Oren Lyons is the honorary chairman of the Iroquois Nationals Lacrosse team. He is Faithkeeper of the Turtle Clan of the Six Nations of the Iroquois Confederacy and a leading advocate of American Indian causes. Lyons is a member of the Human Rights Division of the United Nations and one of the authors of "Exiled in the Land of the Free."
At birth, Lyons was named Joagquisho, Bright Sun with a Strong Wind. He was raised in the traditional lifeways of the Iroquois on the Seneca and Onondoga reservations in northern New York state. He dropped out of school in eighth grade-"the teachers didn't like me, but I was lucky to understand early that it wasn't about me, it was racism." He was drafted in 1950, returned to the reservation three years later and was then recruited by the coach of the lacrosse team at nearby Syracuse University. (A lifelong lacrosse player, Lyons was an All-American in this sport, which was invented by the Iroquois.

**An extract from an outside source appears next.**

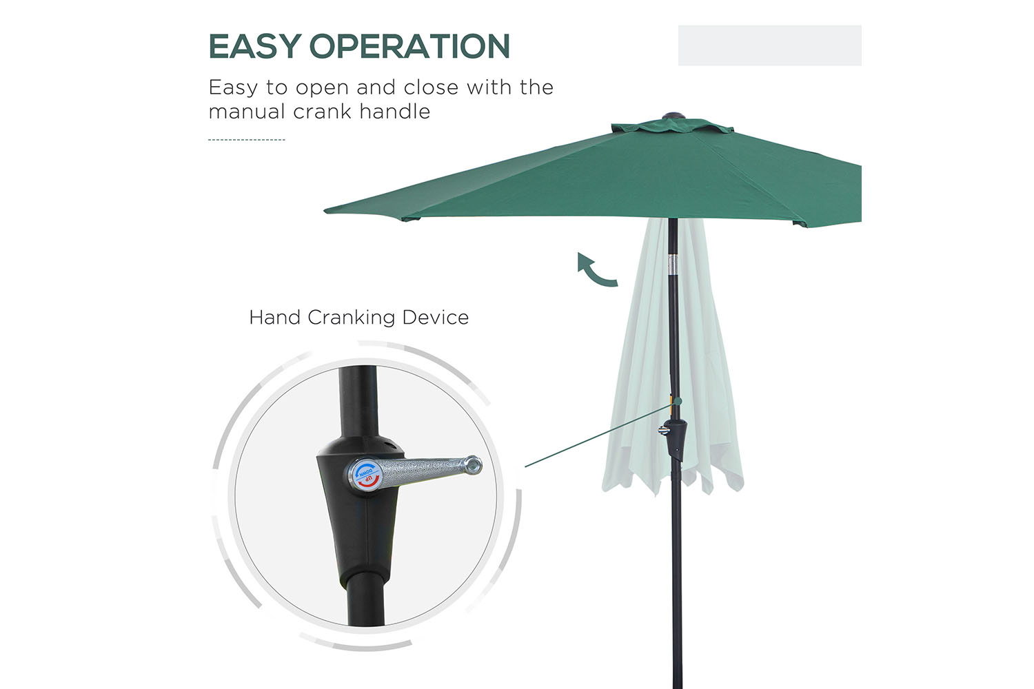 - Crank operation makes it easy to open and close the umbrella

The Syracuse University team had an undefeated season during his graduating year.)
In 1970, Lyons returned to the Onondoga Nation Territory, a hilly and wooded 7,000-acre tract outside Syracuse. Although he was a member of the Wolf Clan, one of seven traditional family groupings within the Onondoga Nation, it was a Turtle Clan mother who summoned him back to the reservation to sit in council.

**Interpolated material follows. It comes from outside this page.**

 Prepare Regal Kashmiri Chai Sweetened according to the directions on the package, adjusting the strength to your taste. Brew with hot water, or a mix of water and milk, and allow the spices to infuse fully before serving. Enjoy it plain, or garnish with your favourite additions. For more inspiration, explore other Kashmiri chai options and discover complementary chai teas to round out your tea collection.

As a Faithkeeper, Lyons is not paid for his work. In fact, none of the Nation's officials are paid; the work is simply a required responsibility. (That the U.S. Congress can vote itself a raise is irresponsible and a sign of greedy times, claims Lyons.) Therefore, in addition to his position on the Onondoga Council, Lyons is a professor at the State University of New York at Buffalo where he is director of Native American Studies within the department of American Studies. Lyons also cofounded a national Indian newspaper, Daybreak, and with Seneca teacher and journalist John Mohawk, he edited Exiled in the Land of the Free, a major study of the Indians' impact on American democracy and the U.S. Constitution.

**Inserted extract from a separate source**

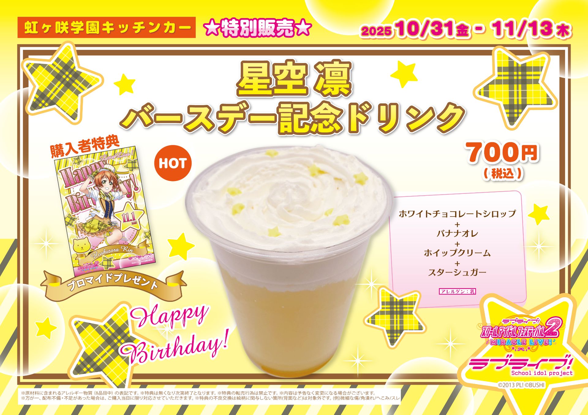 「虹ヶ咲学園キッチンカー」よりバースデー記念ドリンクメニュー販売のお知らせ

Chief Lyons has received numerous honors and awards, including an honorary law degree from Syracuse University. In 1990, he received the Ellis Island Congressional Medal of Honor, and in 1993 he received the National Audubon Society's Audubon Medal for service to the cause of conservation, as well as the first International Earth Day Award from the United Nations. In 1992, Lyons organized a delegation of the Iroquois Confederacy to the United Nations Conference on Environment and Development (UNCED) in Rio de Janeiro. While in Rio, Lyons was invited by the secretary general of UNCED, Maurice Strong, to address the national delegations. Also in 1992, Lyons became the first indigenous leader to address the U.N. General Assembly, in New York.